§ What is required: The whole listing should come back exactly as written, except for the pictures.

§ Information supplied:
_ _ _

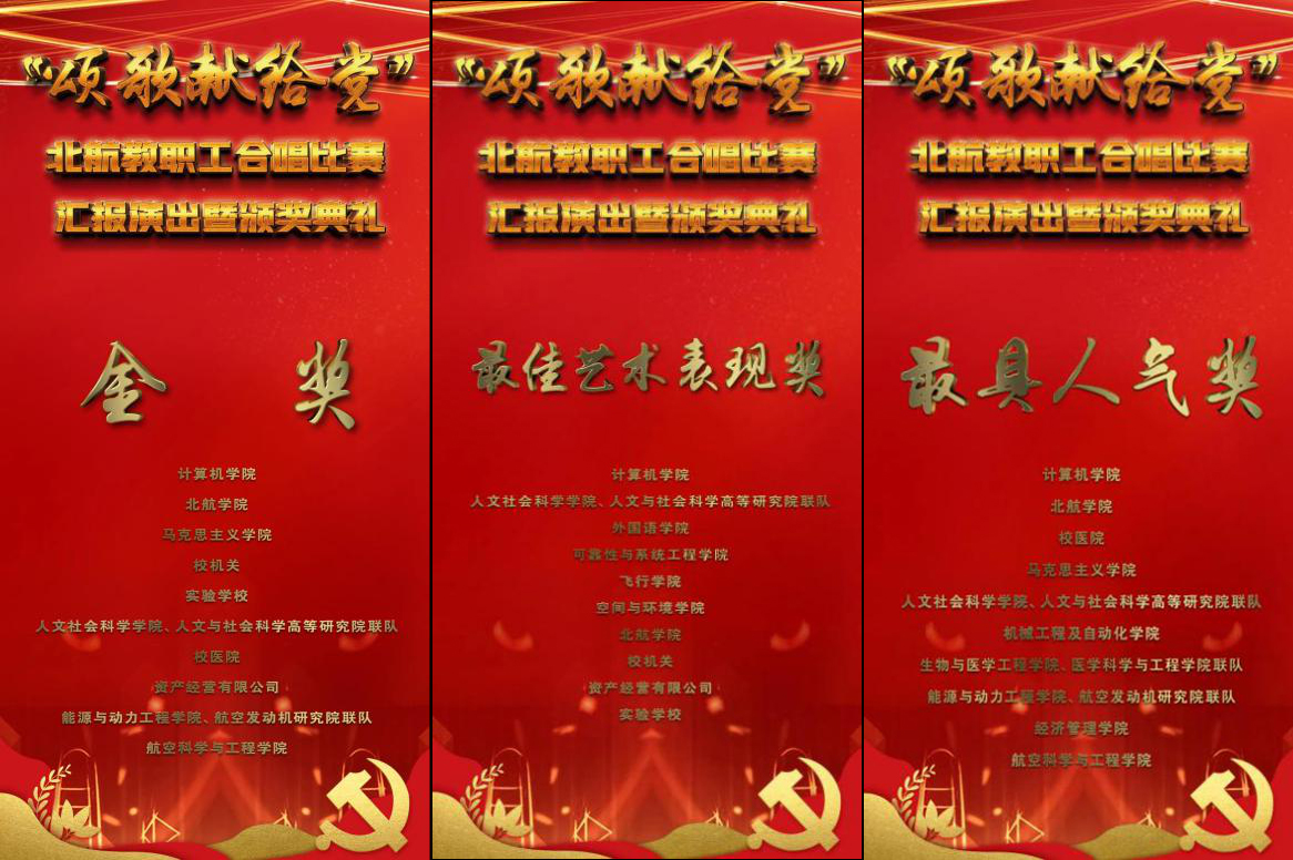 2021年6月26日晚19点,由校工会主办的“北航教职工‘颂歌献给党’合唱比赛汇报演出暨颁奖典礼”在北航晨兴音乐厅隆重举行,英国365集团公司官网、人文与社会科学高等研究院联队获得了最高荣誉“金奖”,以及“最佳艺术表现奖”和“最具人气奖”共三项大奖。
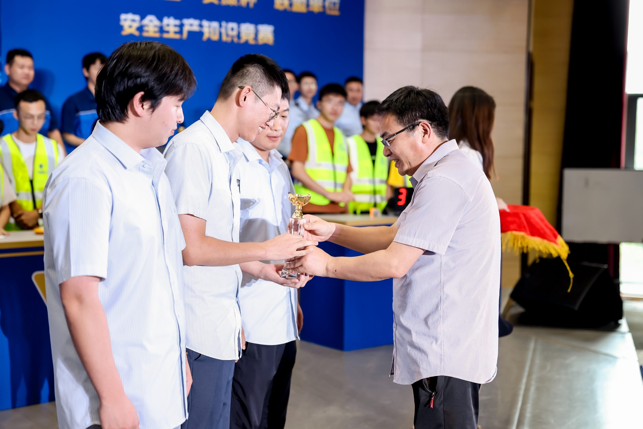 ? ? ? 經(jīng)過三輪的激烈角逐,最終由葉經(jīng)店、李盛、程文博三位隊(duì)員組成的寧波建設(shè)集團(tuán)代表隊(duì)脫穎而出,斬獲一等獎。寧冶勘、中交水利、寧波建工工程集團(tuán)榮獲二等獎,住宅集團(tuán)、寧波市政集團(tuán)、中交三航、產(chǎn)城集團(tuán)獲三等獎。寧波市海員建設(shè)工會主席楊真照為獲獎選手頒獎。
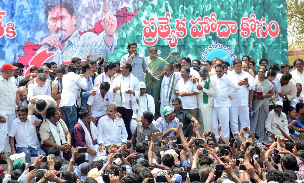 YSRCP Chief YS Jagan Mohan Reddy staged a dharna seeking special status to Andhra Pradesh in front of the Collectorate in Kakinada to on 10th May 2016.

_ _ _

§ Task result:
 2021年6月26日晚19点,由校工会主办的“北航教职工‘颂歌献给党’合唱比赛汇报演出暨颁奖典礼”在北航晨兴音乐厅隆重举行,英国365集团公司官网、人文与社会科学高等研究院联队获得了最高荣誉“金奖”,以及“最佳艺术表现奖”和“最具人气奖”共三项大奖。
 ? ? ? 經(jīng)過三輪的激烈角逐,最終由葉經(jīng)店、李盛、程文博三位隊(duì)員組成的寧波建設(shè)集團(tuán)代表隊(duì)脫穎而出,斬獲一等獎。寧冶勘、中交水利、寧波建工工程集團(tuán)榮獲二等獎,住宅集團(tuán)、寧波市政集團(tuán)、中交三航、產(chǎn)城集團(tuán)獲三等獎。寧波市海員建設(shè)工會主席楊真照為獲獎選手頒獎。
 YSRCP Chief YS Jagan Mohan Reddy staged a dharna seeking special status to Andhra Pradesh in front of the Collectorate in Kakinada to on 10th May 2016.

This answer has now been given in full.